Personal information
- Nationality: German
- Born: 20 September 1997 (age 28)

Sport
- Sport: Track and Field
- Events: 800 m, 1500 m

Medal record
Men's athletics
Representing Germany
World Road Running Championships
| Gold medal – first place | 2026 Copenhagen | Mile |

= Robert Farken =

German athlete (born 1997)

Robert Farken (born 20 September 1997) is a German middle distance runner. He won the mile run at the World Athletics Road Running Championships in 2026. He is the German national record holder over 1500 metres and the mile, both indoors and outdoors, and is a multiple-time German champion.

==Biography==
From Leipzig, Farken had a promising start to his career before an achilles tendon injury slowed his progress. In 2016, Farken was runner-up over 800 m at the German youth indoor championships. In the same year he was the fastest U20 runner in Europe over 800 m. Farken ran this best time at the evening sports festival in Pfungstadt, but this came after the selection period for participation in the U20 World Championships in Bydgoszcz had finished so he was not able to compete. In 2017 Farken became German indoor champion over 800 meters in his first start in the men's class in Leipzig. At the evening sports festival in Erfurt on January 27, he qualified for the indoor European championships in Belgrade with a personal best of 1:47.65 minutes.

In June 2021, in Braunschweig, he not only ran a championship record (3:34.64 minutes) over 1500 m, but he also made the Olympic qualifying time ensuring his place at the delayed 2020 Tokyo Olympics, a great result for the many Germans waiting to see Farken in the Olympics. In Tokyo Farken qualified from his heat before finishing in eighth in his semi final race. Despite his early exit from medal contention, he managed to earn the nickname “Farken Fast”. In February, 2022 Farken became German champion over 1500 metres indoors for the first time, winning at his home track in Leipzig.

He won the 1500 metres at the 2024 BAUHAUS-galan in Stockholm on 2 June 2024. He was selected for the 2024 European Athletics Championships in Rome but did not qualify for the final. He competed at the 2024 Summer Olympics over 1500 metres, reaching the semi-final.

On 6 June 2025, he ran 3:30.80 to set a new national record in the 1500 metres at the 2025 Golden Gala in Rome. He ran a national record 3:49.12 in the Dream Mile at the 2025 Bislett Games in Oslo on 12 June 2025. He placed ninth over 1500 metres at the Diamond League Final in Zurich on 28 August.

In September 2025, he was a finalist over 1500 metres at the 2025 World Championships in Tokyo, Japan, placing sixth overall.

In March 2026, he was selected for the 2026 World Athletics Indoor Championships in Poland, running the 1500 metres in 3:41.79 without advancing to the final.
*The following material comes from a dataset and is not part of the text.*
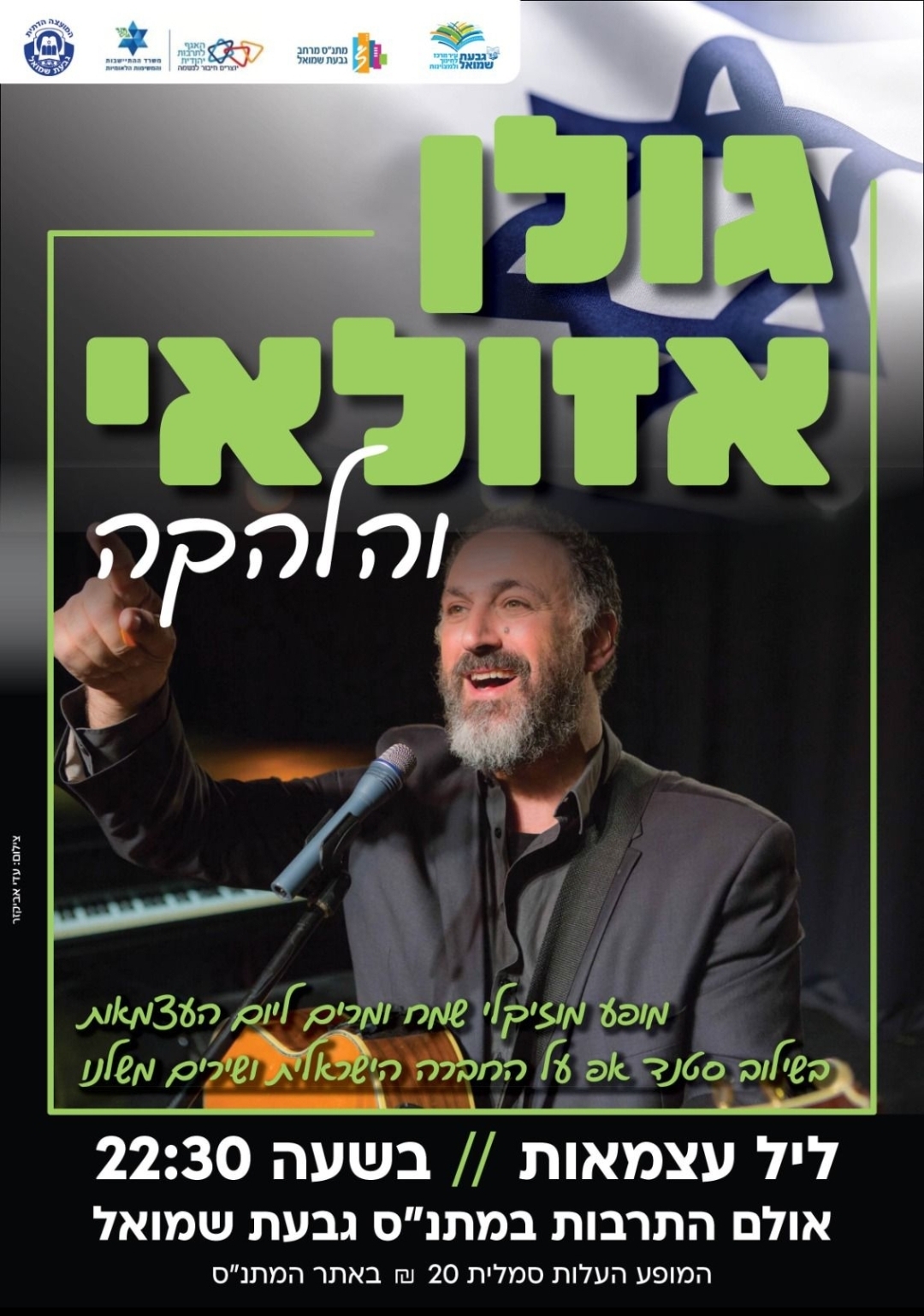 בשעה 22:30 יעלה גולן אזולאי עם להקתו על בימת אולם התרבות במתנ"ס. המופע, שמשלב מוזיקה עם סטנד-אפ ושירים על החברה הישראלית, יתקיים בעלות סמלית של 20 ש"ח (כרטיסים באתר המתנ"ס).
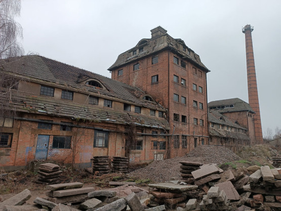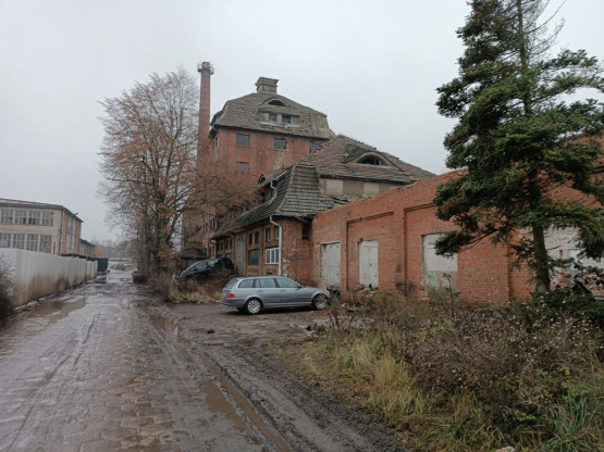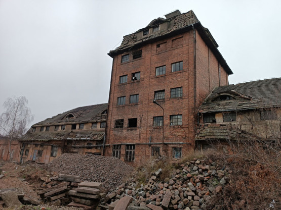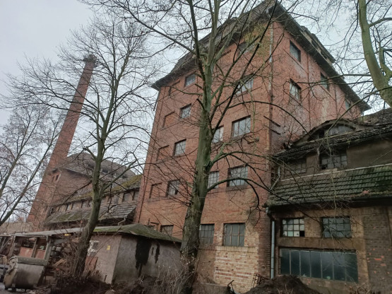 Ta działka to właśnie ten stuletni budynek i sąsiedni komin.. Na razie nie poznaliśmy dalszych planów właściciela po zapowiadanej rozbiórce.

On 4 July, Farken ran a new German national record with 3:47.76 in the Bowerman mile at the 2026 Prefontaine Classic. Competing at the 2026 London Athletics Meet on 18 July, Farken finished fourth in the mile run in a German record of 3:46.82, in the same race as Josh Kerr set a new world record. In August, he competed at the 2026 European Athletics Championships in Birmingham, England, placing ninth in the final of the 1500 metres. At the 2026 Diamond League Final in Brussels in September, he placed ninth over 1500 metres. The following week, he placed eleventh over 1500 m at the inaugural World Ultimate Championship in Budapest. He won the mile run at the World Athletics Road Running Championships on 19 September 2026, overtaking Yared Nuguse in the closing stages. His time of 3:51.80 moved him to second on the world all-time list for the road mile.

==Personal bests==
- 800 m: 1:45.65 (Karlsruhe 2023)
  - Indoor: 1:47.00 (Dortmund 2024)
- 1000 m: 2:15.81 (Leipzig 2021)
- 1500 m: 3:30.09 (London 2026) NR
  - Indoor: 3:33.14 (New York 2025) NR
- Mile: 3:46.82 (London 2026) NR
  - Indoor: 3:49.44 (Boston 2025) NR
- 3000 m indoors: 7:51.42 (Karlsruhe 2022)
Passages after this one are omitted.